El dolor, la frustración y la indignación atraviesan una experiencia como esta. Pero las responsabilidades cruzan y nos atañen a todos, incluso a los campesinos, porque hay campesinos que saben cómo están ocurriendo las cosas y al mismo tiempo se aprovechan. Hay corrupción entre los campesinos y los dirigentes de los grupos, entonces es un cáncer. La ética es la excepción.

¿Cuál es la solución?

El sistema es corrupto y si alguien se opone y denuncia es perseguido o por último le mandan un sicario y eso posicionó de la manera más descarada en la década pasada. Una vía de solución es el autogobierno, la consolidación de circunscripciones autónomas, que el marco jurídico ampara. El sistema cultural otra vez juega en contra.

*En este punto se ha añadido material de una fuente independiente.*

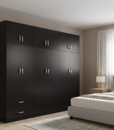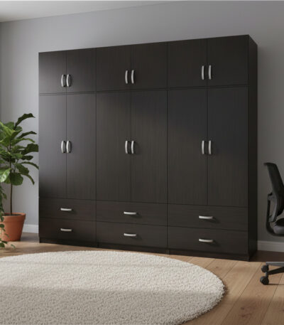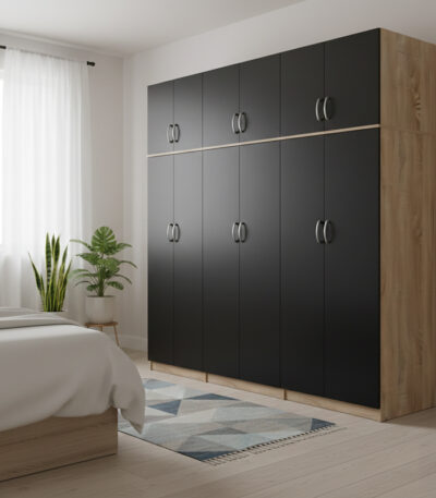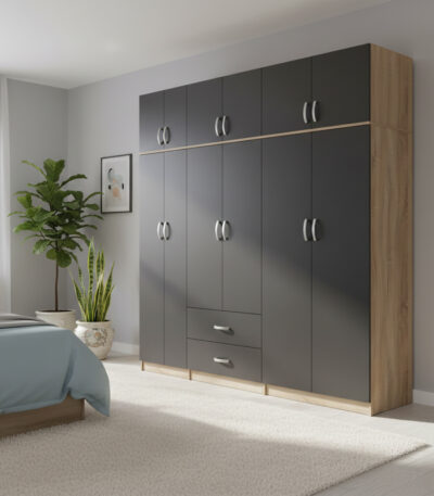 Six-door wardrobe with drawers and loft Athos sonoma-ανθρακί 240x42x240cm

¿Cuál es el papel del arte en el aporte a estas luchas?
El vínculo y la expansión de lo estético a lo ético está cruzado por el ‘bien hacer’, que está en el origen mismo de la palabra arte. Creo que no están distantes. En la historia del arte latinoamericano de hecho se ha acuñado el término de ‘artivismo’, un mezcla de arte con activismo. En la exposición ‘Contaminados’, del MAAC, tenemos algunos ejemplos de ello. Pero hay un montón de preguntas: ¿Hasta dónde es la competencia del artista? ¿Hasta dónde es una ingenuidad practicar el activismo? ¿El sometimiento al ‘statu quo’ es el único camino?

¿Ahora, el despojo también puede ser revelador sobre nuestra condición?
El dolor enseña. El dolor está relacionado con el apego y los apegos, con la falta de conocimiento que tenemos de cada uno y de aceptación.
¿Y qué nos dice de la muerte, ese otro despojo, más definitivo?

Tras la muerte de mi padre le hice caso, por primera vez pinté paisajes. Lo descubrí como una persona diferente, que yo desconocía, un médico de espíritu hippie y lamenté no haberle conocido realmente. Y como un homenaje pinté paisajes, pero como registro de estos procesos de despojo.

¿Qué relación encuentra ahora entre ese despojo íntimo y el colectivo?
Con su incapacidad de organización y de lucha, los comuneros también estaban atravesando un luto. El luto por el padre perdido, en mi caso; y el luto por el ancestro ausente en ellos, el masculino guerrero perdido.